For the purposes of this specification, a wrench is a manually operable lever-like tool having a hub with a fastener-engaging bit or coupling for temporary attachment of a detachable fastener-engaging bit (for example, a hexagonal socket), the tool having a lever extending laterally from the hub and a manually engageable handle (or its functional equivalent) at or near the outer end of the lever, the wrench enabling a high turning moment or torque to be applied to a rotable fastener or other workpiece.

More effective use of a wrench may be made if the fastener-turning torque being delivered by the wrench is known with a reasonable degree of precision, as compared with the relatively haphazard estimation by the user of manual effort being applied. To this end, various forms of torque-indicating wrench have been proposed.

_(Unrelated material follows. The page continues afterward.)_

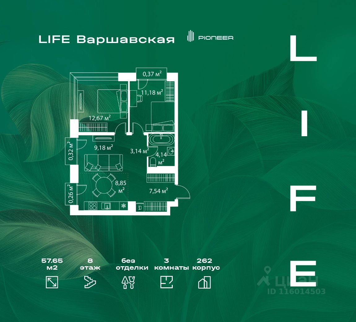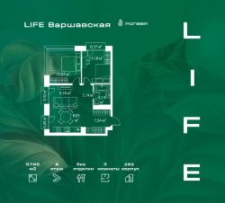 В районе Москворечье-Сабурово продается 3-комнатная квартира площадью 57.65 м². Она расположена на 8 этаже в 262 корпусе нового жилого квартала LIFE Варшавская.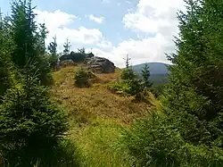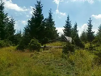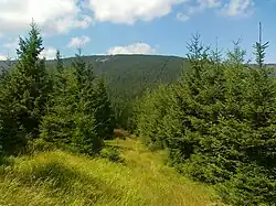 All types of forestation can be found here: spruce forest, mixed forest,[a] and deciduous forest, with dense spruce forest being predominant.[8][9][10] On the northeastern and southeastern slopes, in addition to the spruce forest, there are areas covered with mixed forest, and on the northeastern slope, as the elevation decreases, there are even areas covered with deciduous forest. Additionally, at the foot of the northeastern slope, near the buildings of the village Karlova Studánka, there are meadows. The slopes are characterized by relatively uniform and stable forestation with clearings, a few glades, and a significant several hundred-meter-long triangular deforestation on the eastern slope at an altitude of about 900 m above sea level, near Hvězda Pass.[10] At the foot of the northeastern and eastern slopes, there is an overhead power line with a voltage of 22 kV. To the southwest of the summit (western slope), about 50 m away, there is a solitary rocky outcrop, which serves as a scenic viewpoint.[2] From there, one can see, among other things, the summit of Temná and the slope of Vysoká hole mountain with the so-called Stone Sea named Suť. Slightly lower on this slope, at distances of about 250 m and 260 m from the summit, there are two other rock outcrops.[3] Additionally, on the southern and southeastern slopes, there are areas of boulder fields. The slopes lack groups of rocks.[2]

One such proposed form of torque-indicating wrench has the hub with its fastener-engaging bit (or the coupling therefor) mounted on the lever in a manner which allows at least limited rotation of the hub with respect to the lever, about a rotation axis substantially coincident with the axis about which the fastener is being rotated or tending to be rotated by use of the wrench. This relatively rotatable hub is coupled to the lever by an elastic link such that a momement manually produced on the lever results in a torque from the hub to the fastener or other workpiece along with a torque-dependent strain in the elastic link. A strain-measuring dial gauge coupled between the ends of the elastic link gives an indication of the torque.

More sophisticated guages can give a corresponding extension of function; for example, a slave pointer can be coaxially mounted over the strain-indicating master pointer to be driven round by the master pointer to the peak torque indication, where the slave pointer will remain as a form of torque-indication memory until reset. The pivotal mounting of such a slave pointer need only have a friction sufficient to hold the slave pointer against its own weight and minor extraneous disturbances, any higher friction causing unnecessary drag on the master pointer and probable erroneous torque indications in respect of both instantaneous torque and peak torque.

A proposal has been made to convert this conventional arrangement to an electrically powered indicating system by utilising the two pointers as electric switch contacts directly controlling a source of electric power for the indicator. However, tests have shown that good electrical contact between the two pointers requires that the pivotal mounting of the slave pointer have a friction so high that the slave pointer could no longer be driven by the master pointer. Hence, while the slave could be preset at a predetermined torque indication at which indication was to be given (electrically) that a predetermined torque had been achieved by the wrench, the slave pointer could no longer be moved by the master pointer to indicate (mechanically) that, in fact, some higher peak torque had been applied.

Moreover, vigilance in observing the indicator was necessary, since the pointer contact and hence indicator energisation could in practice be very brief even though a correct torque level had been achieved by the wrench.

Further, there was a tendency to arcing between the pointers, with long-term erosion of the contact regions.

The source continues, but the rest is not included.